I think they’re specific so you can be concise. If we know it ALWAYS goes Author, Year, Title, Publisher. you don’t need to put ‘Author: Jones. Published 2010. Title: John Smith (2013). Published by Bloggs.’
Even in ambiguous cases Jones (2010), *‘John Smith (2013)’* Bloggs
is entirely clear as long as we stick to the standard.
It also helps in the modern era with searching and indexing large archives etc
Different disciplines use different styles for reasons specific to their fields.
[This page](https://poorvucenter.yale.edu/undergraduates/using-sources/principles-citing-sources/why-are-there-different-citation-styles) gives a pretty good basic rundown as to why each discipline uses the style it uses.
And really, once you make it a practice, the formatting stops feeling so arcane and becomes no different than any other rules of grammar.
Which is to say that, as long as you understand what components need to be in place and can arrange them in a way that’s intelligible to the audience that you’re presenting it to, nobody actually really cares that much if you break the rules a little.
It’s not just about giving people credit for their work – someone that knows what they’re doing will also look to your citations to evaluate the quality of your work and to examine how you constructed your argument, and may use those sources to build on or challenge your work.
So making sure that framework of references is intelligible to the reader and is presented in a way that gives them all the information they need for the discipline you’re working in is really important.
References aren’t just about giving people credit, they are also about helping your readers navigate the web of scholarship on the topic they are interested in. When someone is seriously researching the established literature, they may read an abstract, skip straight to the citations skim through the 50 or so citations, look up the most interesting 10, read those abstracts, skip to those citations, look up the interesting ones of those, and hopefully find a paper that is exactly on point for what they are looking for. Keep in mind that the same author may have published multiple papers (possibly in the same year); and there could be multiple papers with the same title; and when you are writing the paper you need to maintain your list of references. It makes everyone’s life way easier to just have a standard way of writing citations.
It would be better if everyone could agree on the same standard, but history got in our way, so now we have a couple.
In fields where tracking down references is less essential you see much looser standards around citation. For example, you almost never see APA or Harvard style references in newspapers. You’ll just see in the prose of the article a description of where it came from, hopefully with the name of the underlying article and its authors. Since an entire story in the news will have maybe 1 or 2 published sources, and most readers are not interested in reading the original source, there is far less reason to standardize on a citation format.

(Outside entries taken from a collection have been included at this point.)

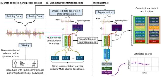 The network for UPDRS-III estimation in the target task, as illustrated in Figure 1C, and the network for signal representation learning share the same multichannel CNN architecture. In addition to the convolutional branches, the UPDRS-III estimation network includes two LSTM layers, each with a size of 128 and a dropout rate of . The outputs of these layers are then fused and passed to a dense layer with a size of 256 before reaching the output layer, which estimates the UPDRS-III scores. This architecture is also shared across the series of deep neural networks discussed in Section 3.3. These hyperparameters were selected using a random validation split of the training data, employing Bayesian optimization. The methodology’s Python code implementation is available on GitHub [38].
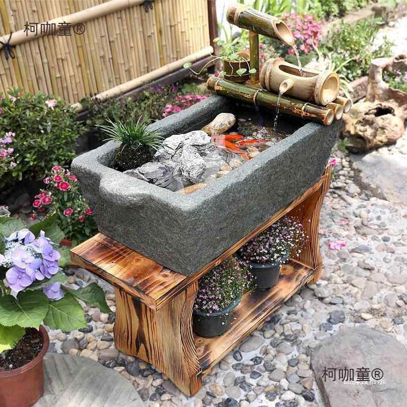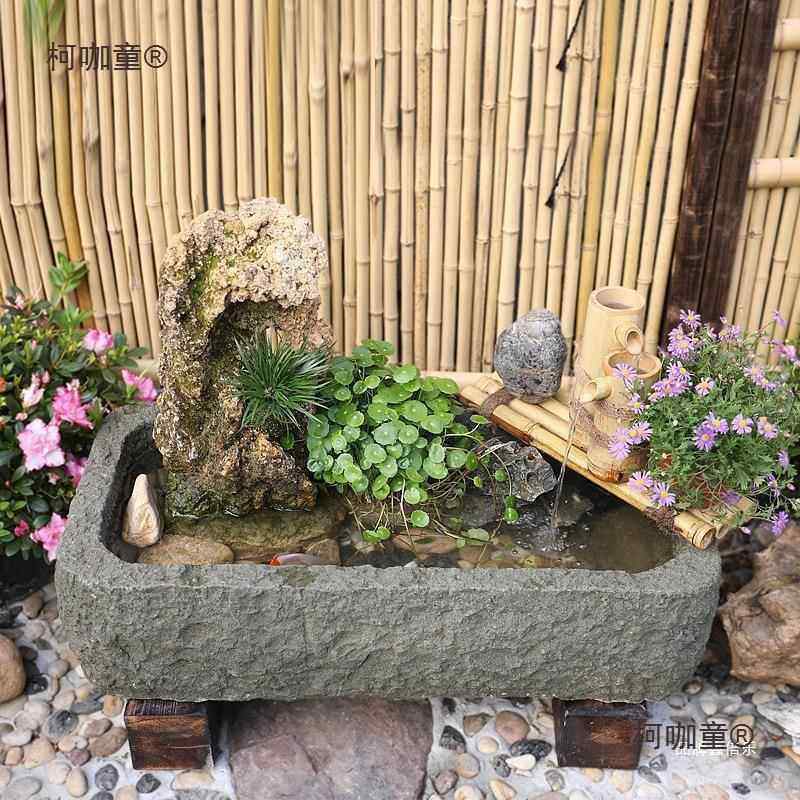老石日式造景石磨鱼缸庭院流水摆件循环水花园装饰阳台鱼池麦太保
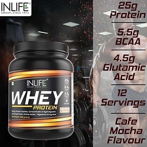 - WHEY PROTEIN: INLIFE Whey Protein (combination of Whey Protein Isolate & Concentrate), your muscles absorb the protein very fast, it’s the best kind of protein powder if you want to improve body composition.It has 25g protein per serving, ideal for protein synthesis and building muscle. Its high in BCAA’s and EAAS, they help to protect your muscles, increase muscle mass, resistance and help with your overall hormonal environment.
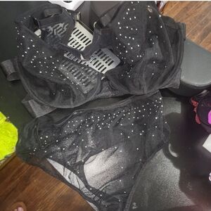 Dazzle in our Lydia black Diamante bra. Midnight black mesh cups scattered with dazzling diamantes to make you sparkle. Pair with our matching Highwaist Thong to be the star of the show.
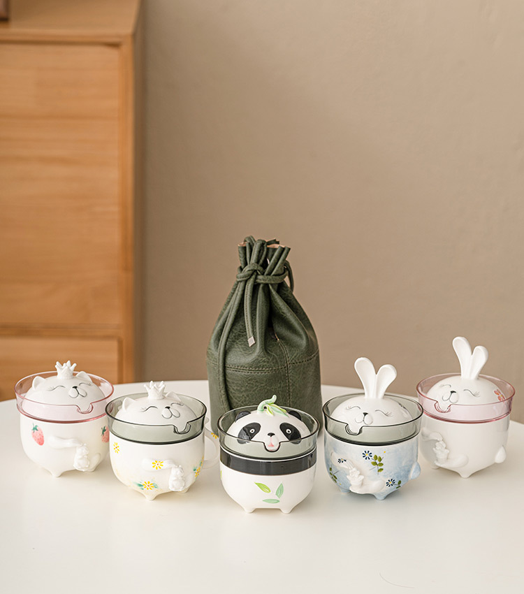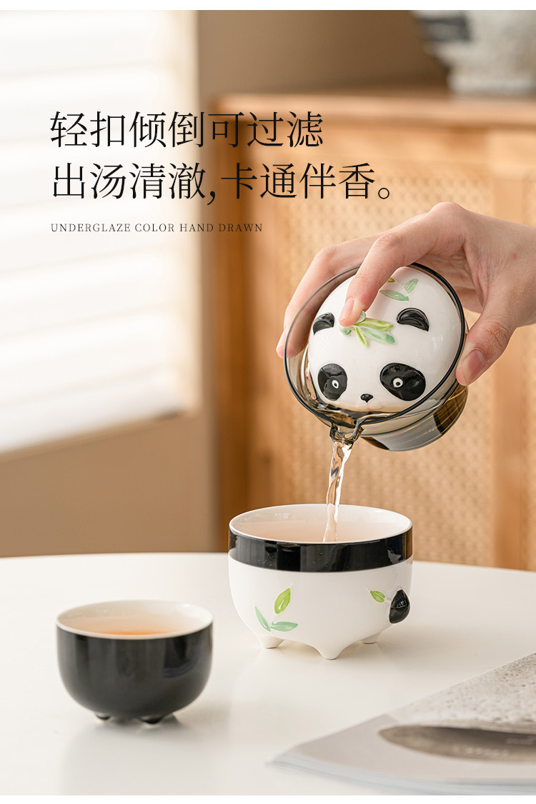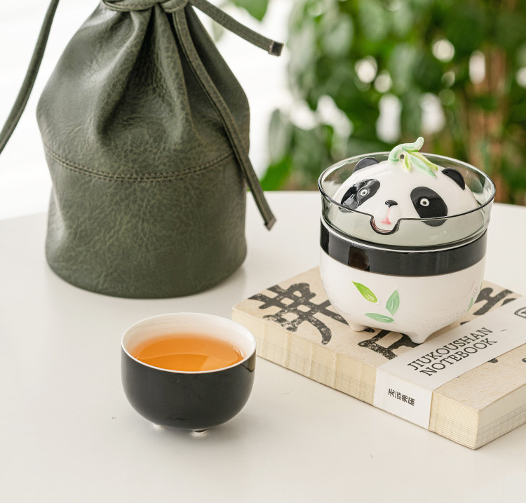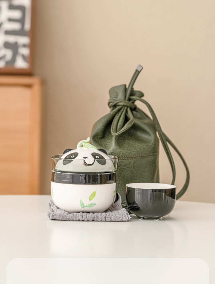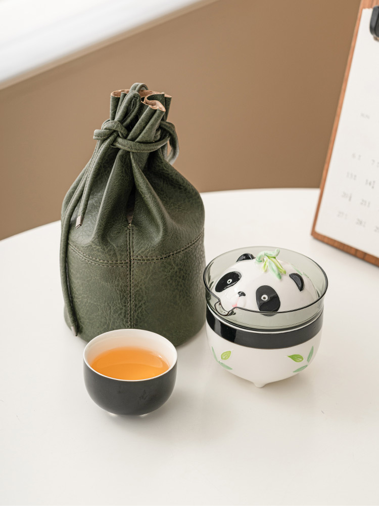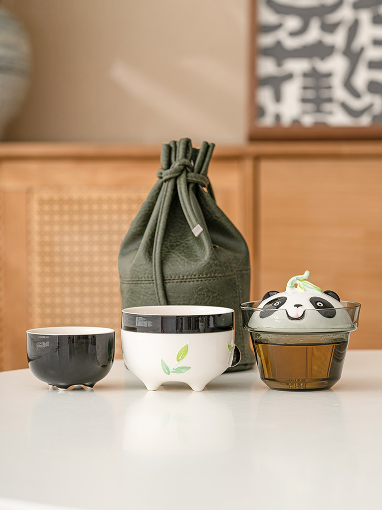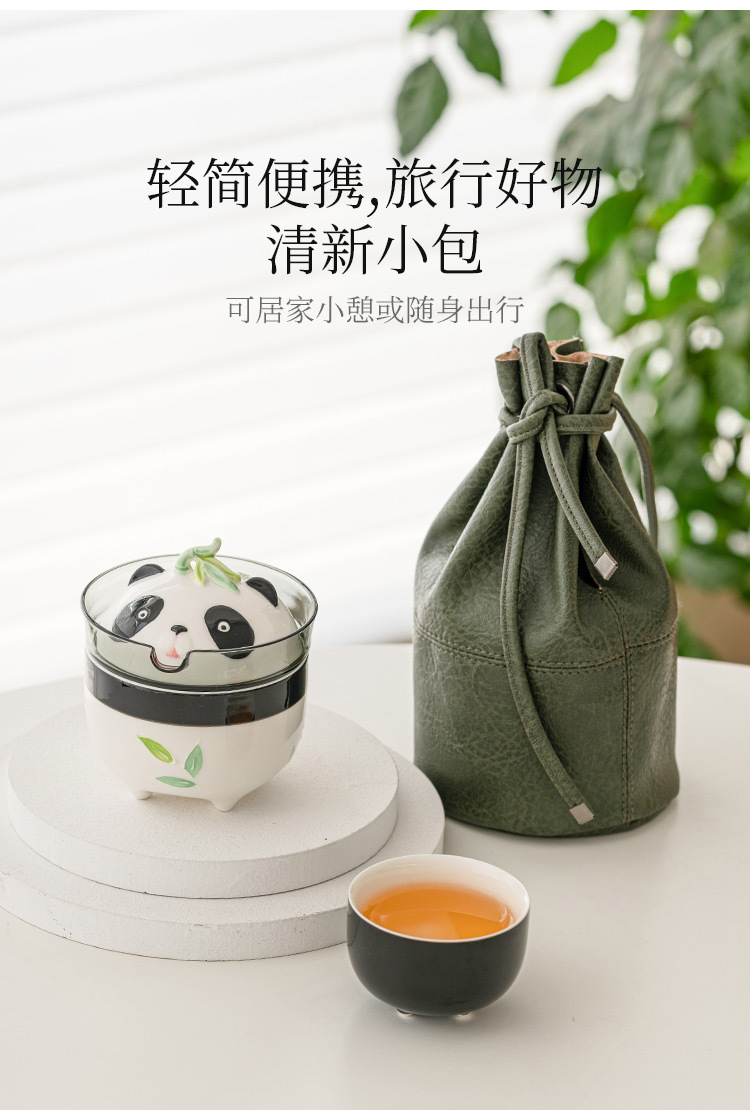 Panda gốm sứ cốc khách nhanh một ấm một cốc Bộ trà du lịch xách tay ngoài trời Túi đựng thiết bị uống trà

If you’re writing an academic paper, I should be able to read your citations and easily find exactly where you got the information. It’s as much about fact-checking as it is about credit. Does the paper you cite actually say what you say it says?
Page numbers can vary across editions, so the citation has to show which version of the book or paper you used. Again, so I can easily find the information.
Sometimes, translation is important. So if you’re citing, say, Ceasar’s Commentaries, there are multiple translations, each one slightly different.
So, the citation format is important so the reader can easily evaluate the source.